Today I donned my lucky stirrup socks:
...and Cory and I headed up to Portland for my mock transfer and my saline sonohysterogram. I got a little nervous on the way up because I wasn't totally sure what they'd find. Back when I was getting my lining looked at by the doc at OHSU, he said he found a couple of fibroids but they weren't in a place that would make trouble for transferring embryos. Then, during our over-the-phone debrief from the failed FET a few months later, he said maybe the fibroids were the reason we weren't able to get pregnant yet. By then I wasn't excited about continuing with him, but it was always niggling in the back of my mind that there might be something going on and I was happy that my current doctor was wanting to check things out.

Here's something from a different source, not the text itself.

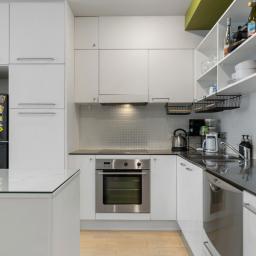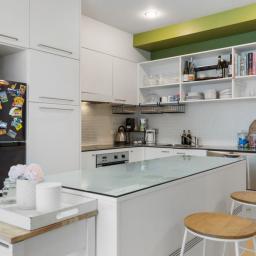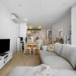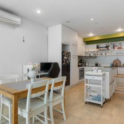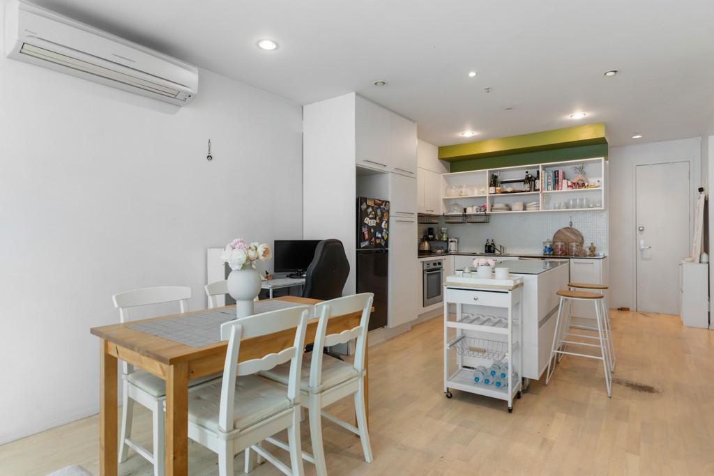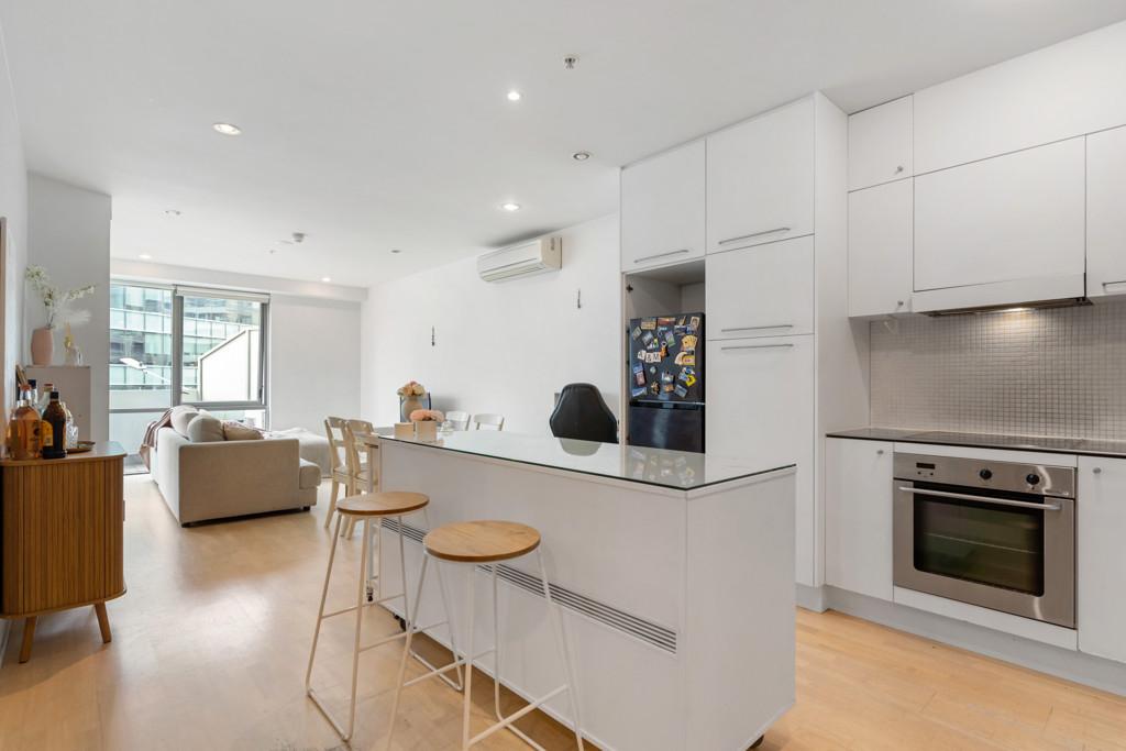 At the heart of the home is the open-plan kitchen, living, and dining area. The layout is both functional and inviting, centred around a fully equipped kitchen with a movable island bench that can be reconfigured for entertaining or everyday living. Large sliding doors extend the living space outdoors to a substantial balcony, perfect for alfresco dining, morning coffee, or unwinding with elevated city views.

Cory and I both had some blood drawn, and then I stripped down and spent half an hour in the stirrups. (There was no pain, only verrrrrry mild cramps later, by the way - I'd read about others' experiences with SHG's and they ranged from very painful to not painful at all.) The mock transfer was quick and easy, and then the doctor filled my uterus with saline (it was weird to see the little air bubbles swirling around in there, on the screen) and took a look.
Courtesy of bioscience.org
Here's an ultrasound with some labels so you can get a feel for what a normal uterus should look like. And here's mine.
My uterus looks like a little black sperm! There's a few things going on here. One, that you can't actually see in this photo, is that I have three large fibroids but they aren't a big deal. The bigger deal is that I have some tissue (he said they were unrelated to the fibroids) on either side of the uterine cavity that shouldn't be there. You can see them around the "tail" of the "sperm." There's also a polyp, that spot in the middle of the larger black space.
So just like that, the FET was postponed and I'm now going in for a hysteroscopy. You can read about it on Stirrup Queens. Basically they'll go in, at least through the cervix and maybe also laparoscopically, and get rid of that extra tissue and the polyp. The doctor didn't feel comfortable attempting to transfer embryos into an environment that wasn't perfect.
After I got dressed again, we talked to my coordinating nurse about what to do next. She said that since I don't currently have a gynecologist (I just see a general practitioner - a naturopath), their newest doctor would be able to do the hysteroscopy. She's going on vacation in two weeks, so they're going to try to fit me in next week, but I might not be able to go in until the end of June/beginning of July when she gets back. Either way, I'll be able to start another FET cycle a few weeks after the procedure, when I've had a bit of time to heal, and since I'm on birth control already they'll be able to control when I start the FET. So that's nice.
After the initial shock of the worse-news-than-I-thought wore off, and I was able to process things, I've come to the conclusion that the lucky stirrup socks worked today. I feel more confident that we might see success this time, now that we've found something else that could be wrong. Unexplained infertility is so much more of a crapshoot than knowing what you're up against. Now I just hope that this is the only thing we're up against. :)
The only downside to all of this is that I found out that the estimate that I got from the financial coordinator at the clinic didn't include every procedure that we'd been planning for. I found that out when the front desk asked me for over a thousand dollars today for the mock transfer and SHG, and said the loan that I'd set up only covers the lining check through the transfer itself. So now I have to go back to the loan company and ask to add another few thousand to cover today's procedure as well as the upcoming hysteroscopy. Without knowing how much the hospital fees will be. I also need to check with my insurance provider to see if a hysteroscopy might be covered - if it is, that would be fantastic. I have my doubts though.
So all in all - it was a good appointment, and I'm happy to feel like progress was made. Now I just have to mentally prepare for surgery!